SUPPLIED MATERIAL —

━━━━━━

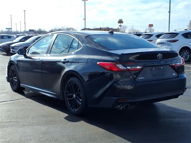 Shop where customers always come first! We're Green on south 6th Street in Springfield. **Green Mazda Internet Price Includes Trade In Assistance. We NEED TRADES. Without trades we run out of vehicles like this to offer to our customers!**See dealer for details. 2025 Toyota Camry SE Midnight Black Metallic eCVT FWD 2.5L 4-Cylinder 16V DOHC Priced below KBB Fair Purchase Price! Recent Arrival! 48/47 City/Highway MPG 4-Wheel Disc Brakes, 6 Speakers, ABS brakes, Air Conditioning, Alloy wheels, AM/FM radio: SiriusXM, Apple CarPlay/Android Auto, Auto High-beam Headlights, Automatic temperature control, Brake assist, Bumpers: body-color, Delay-off headlights, Driver door bin, Driver vanity mirror, Dual front impact airbags, Dual front side impact airbags, Electronic Stability Control, Emergency communication system: Safety Connect (up to 10-year trial subscription), Exterior Parking Camera Rear, Four wheel independent suspension, Front anti-roll bar, Front Bucket Seats, Front Center Armrest, Front dual zone A/C, Front reading lights, Fully automatic headlights, Heated door mirrors, Illuminated entry, Knee airbag, Leather Shift Knob, Leather steering wheel, Low tire pressure warning, Occupant sensing airbag, Outside temperature display, Overhead airbag, Overhead console, Panic alarm, Passenger door bin, Passenger vanity mirror, Power door mirrors, Power driver seat, Power steering, Power windows, Radio data system, Radio: Toyota Audio Multimedia w/12.3 Touchscreen, Radio: Toyota Audio Multimedia w/8 Touchscreen, Rear anti-roll bar, Rear reading lights, Rear seat center armrest, Rear side impact airbag, Rear window defroster, Remote keyless entry, Security system, SofTex & Fabric Seat Trim, Speed control, Speed-sensing steering, Split folding rear seat, Spoiler, Steering wheel mounted audio controls, Telescoping steering wheel, Tilt steering wheel, Traction control, Trip computer, Turn signal indicator mirrors, Variably intermittent wipers, and Wheels: 18 Black-Finished Alloy.
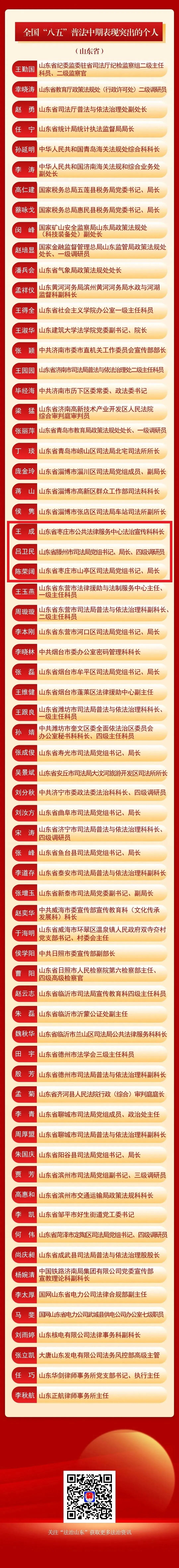 山东省83个单位、67名个人荣获全国“八五”普法通报表扬,枣庄市3个单位3名个人入选。
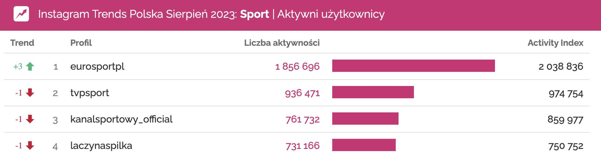 Profile o największej liczbie aktywności użytkowników w kategorii Media | Sport na Instagramie | sierpień 2023
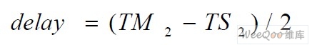 可由該時間偏差來校正從時鐘。但由此計(jì)算出來的結(jié)果仍然包含有時間信息在網(wǎng)絡(luò)中傳輸造成的延時,因此還需要進(jìn)行延時校正。
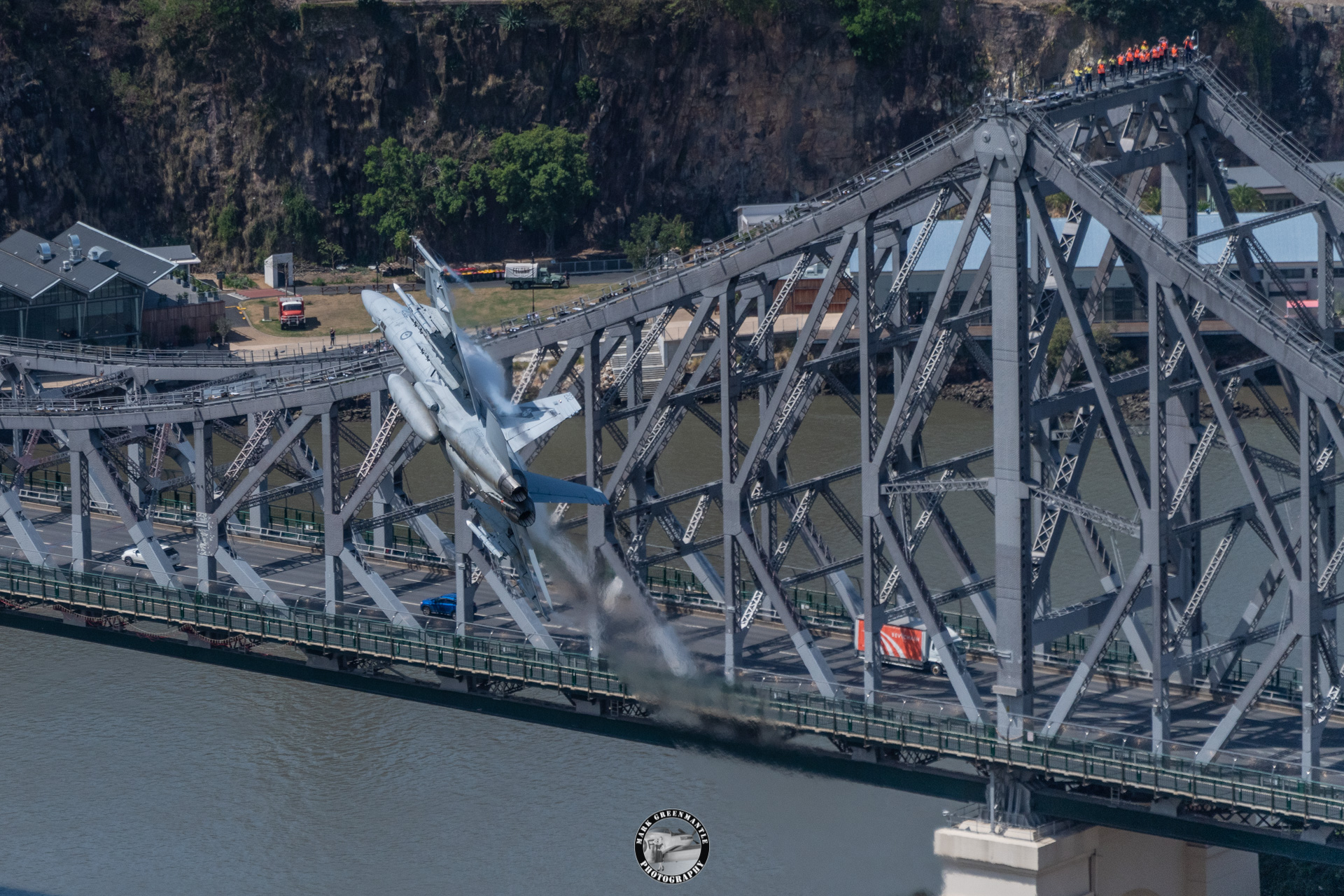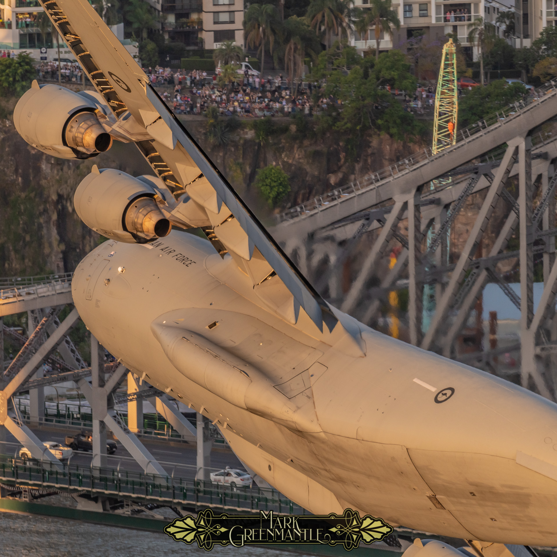 The general flight path of the display was known from previous years and had only been slightly altered for 2021. What was known for certain was that the pilots from RAAF Amberley Base had flown many hours in the simulator to prepare for the low-level passes (250-300ft above ground level) over the river and bridges. Despite many publications pushing alarmist rhetoric about “dangerous display flights” being too much like 9/11… they hide that the aircraft have a very broad river below their low-level passes and that at no point is any building occupant at any risk of harm.
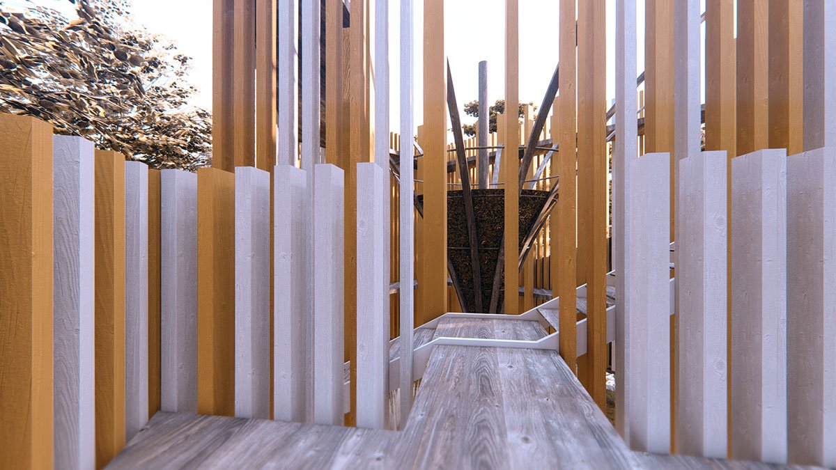 Introduction: The Second Nest is a project that aims to increase public awareness by studying and conserving riverbank plants and birds, as well as by planning holographically projected exhibitions that offer both auditory and visual experiences, in the context of Visegrád Bay Estuary, Hungary. The building’s main goal is to rehabilitate the ecosystem by restoring the food chain’s links. This idea is based on Edward Lorenz’s theory of the Butterfly Effect, which states that “the flap of a butterfly’s wings might ultimately cause a tornado.”
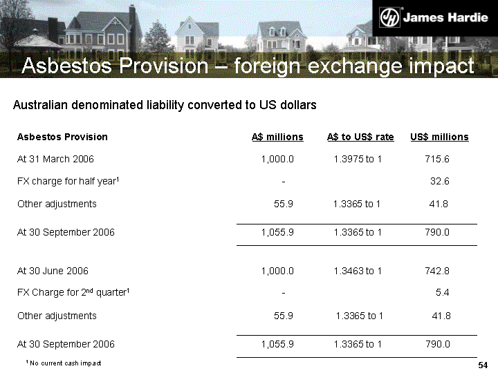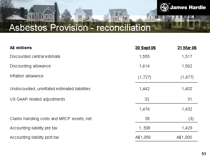 The asbestos provision was increased by A$55.9 million (US$41.8 million) to reflect the results of
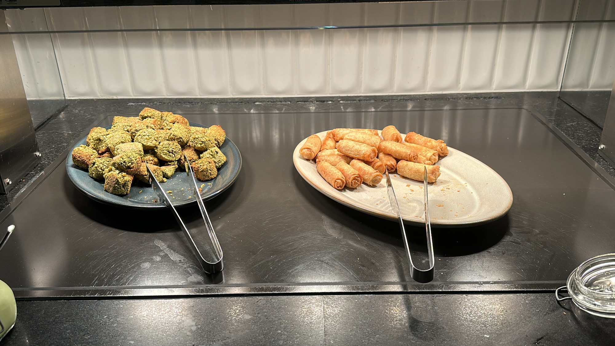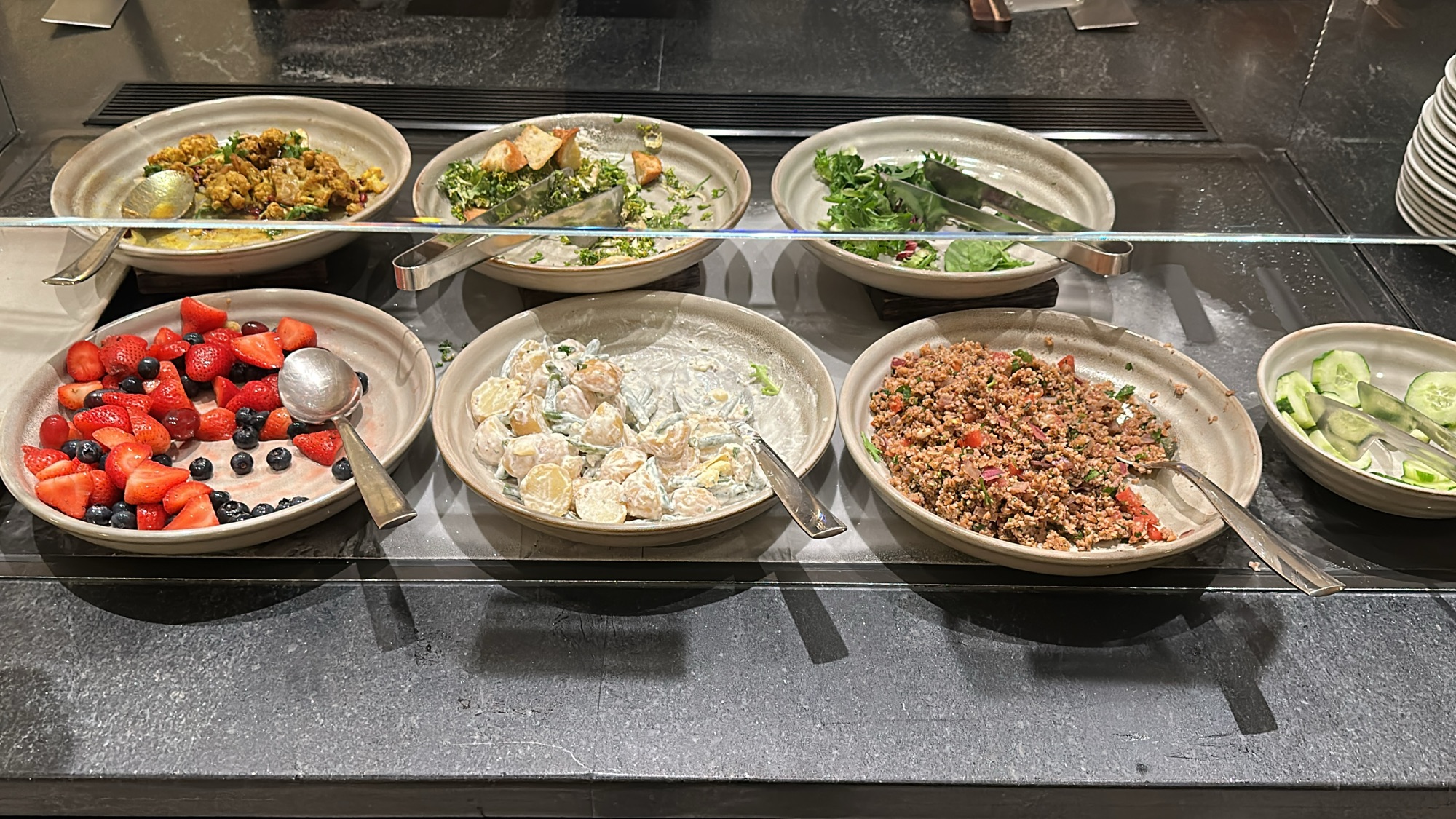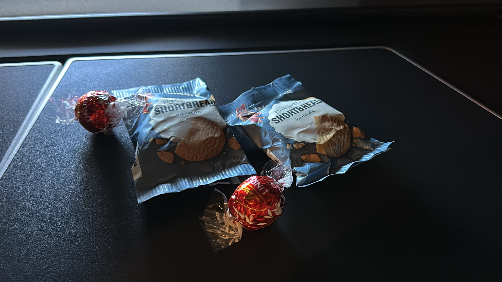 While there was no formal mid-flight meal service, the crew set up the Club Kitchen snack bar near the galley, offering a variety of quick bites for those feeling peckish. About 90 minutes before landing, the pre-arrival meal was served. It began with a plate of fresh fruit, followed by my choice of sweet and satisfying pancakes—a “carbolicious” treat to round out the flight.
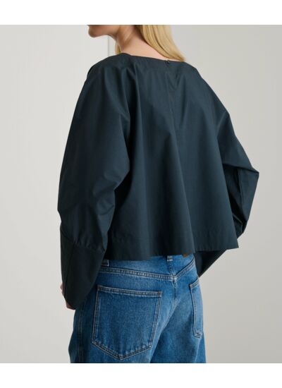 Conçue dans une popeline de coton légère, ARMAND joue sur les contrastes grâce à ses parties doublées au col, aux manches et au bas, créant un subtil effet de transparence. Son encolure ronde et sa fermeture par bouton au dos ajoutent une touche raffinée et pratique, pour un porté confortable et facile à associer.
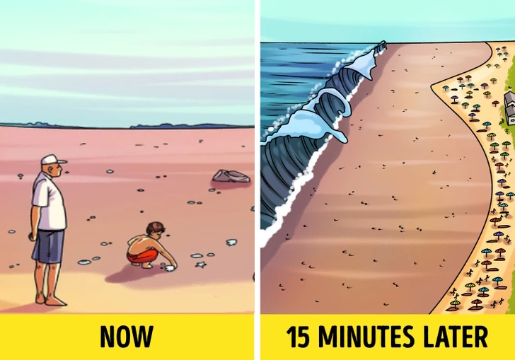 هنگامی که خط آب بهطور غیرعادی از ساحل دور است، نشانه سونامی است. اگر در جایی متوجه این موضوع شدید، باید به همه اطرافیان هشدار دهید و فرار کنید.
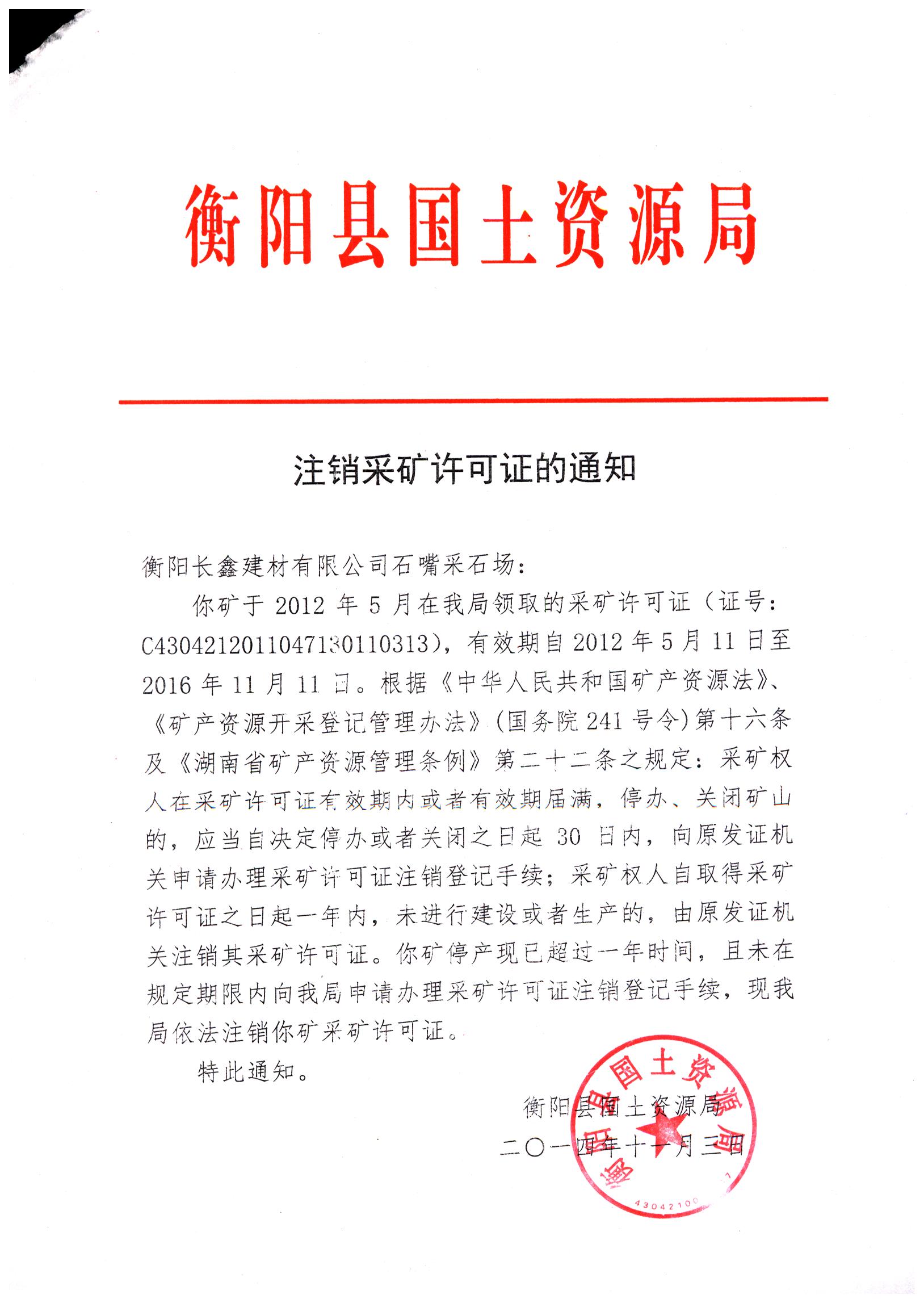 注销采矿许可证的通知
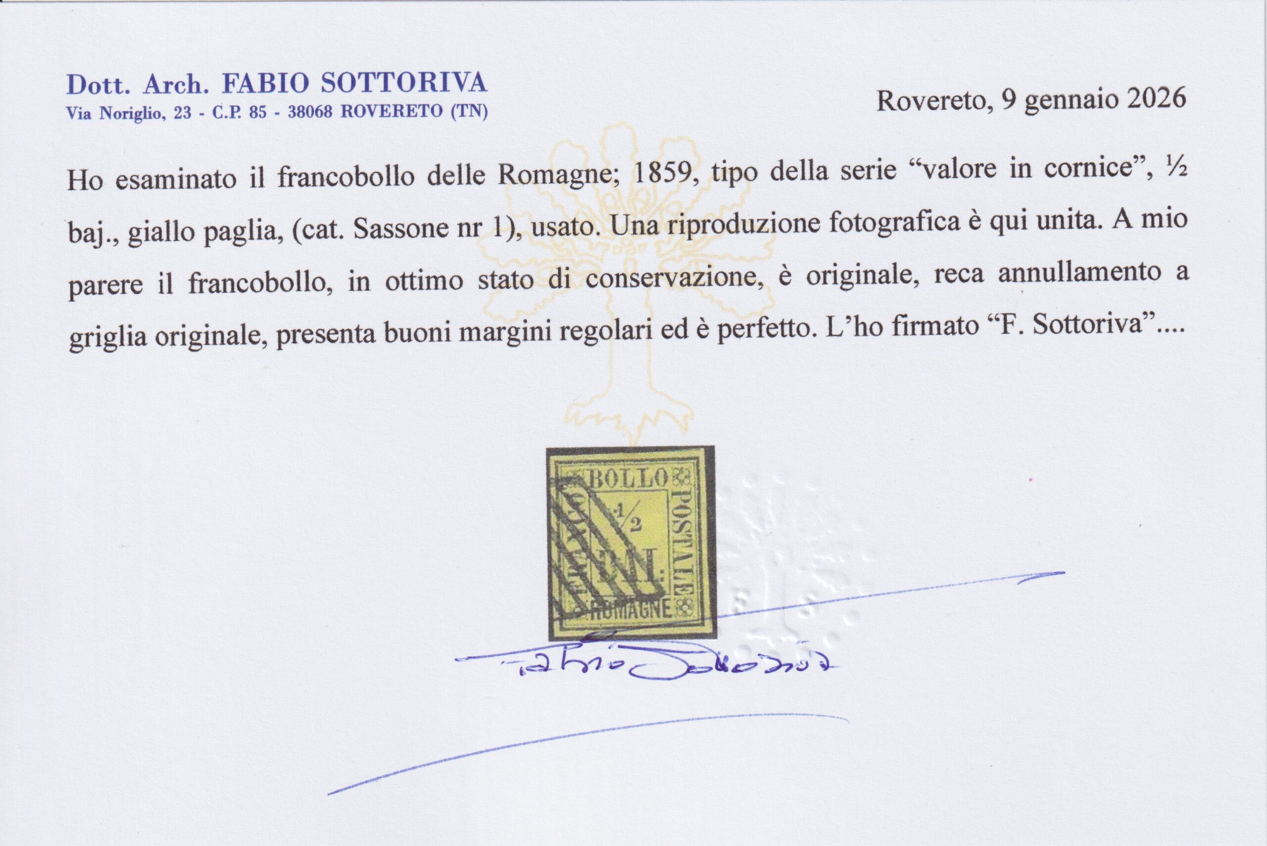 1859 ROMAGNE 1/2 BAJ “VALORE IN CORNICE” CERT. SOTTORIVA
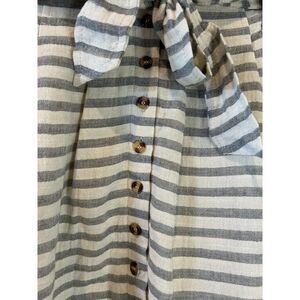 Francesca's Blue Rain Striped Button-Front Skirt with Tie Waist Small
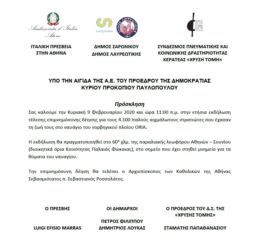 Εκδήλωση μνήμης για τα 4.100 θύματα – αιχμάλωτους Ιταλούς στρατιώτες του νορβηγικού πλοίου ORIA, θα πραγματοποιηθεί και φέτος, 76 χρόνια μετά τη μεγάλη ναυτική τραγωδία, την Κυριακή 9 Φεβρουαρίου 2020 και ώρα 11:00π.μ. στο 60ο χλμ της παραλιακής λεωφόρου Αθηνών – Σουνίου (στα όρια της Κοινότητας Παλαιάς Φώκαιας).
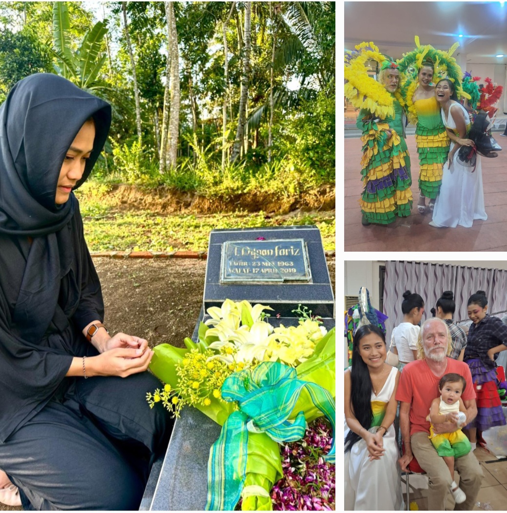 Teks foto: Foto utama Desainer Migi Rihasalay saat berziarah di makam Dynand Fariz di TPU Garahan, Jember. Foto lainnya Migi bersama suami Andrew James dan putrinya Kinikita.

━━━━━━

DIRECTIONS FOR THIS TASK —
In the data above, retype only the stretch from the line with "The asbestos provision" through the line with "While there was", word for word, and skip any pictures.

COMPLETED EXERCISE —
 The asbestos provision was increased by A$55.9 million (US$41.8 million) to reflect the results of
 While there was no formal mid-flight meal service, the crew set up the Club Kitchen snack bar near the galley, offering a variety of quick bites for those feeling peckish. About 90 minutes before landing, the pre-arrival meal was served. It began with a plate of fresh fruit, followed by my choice of sweet and satisfying pancakes—a “carbolicious” treat to round out the flight.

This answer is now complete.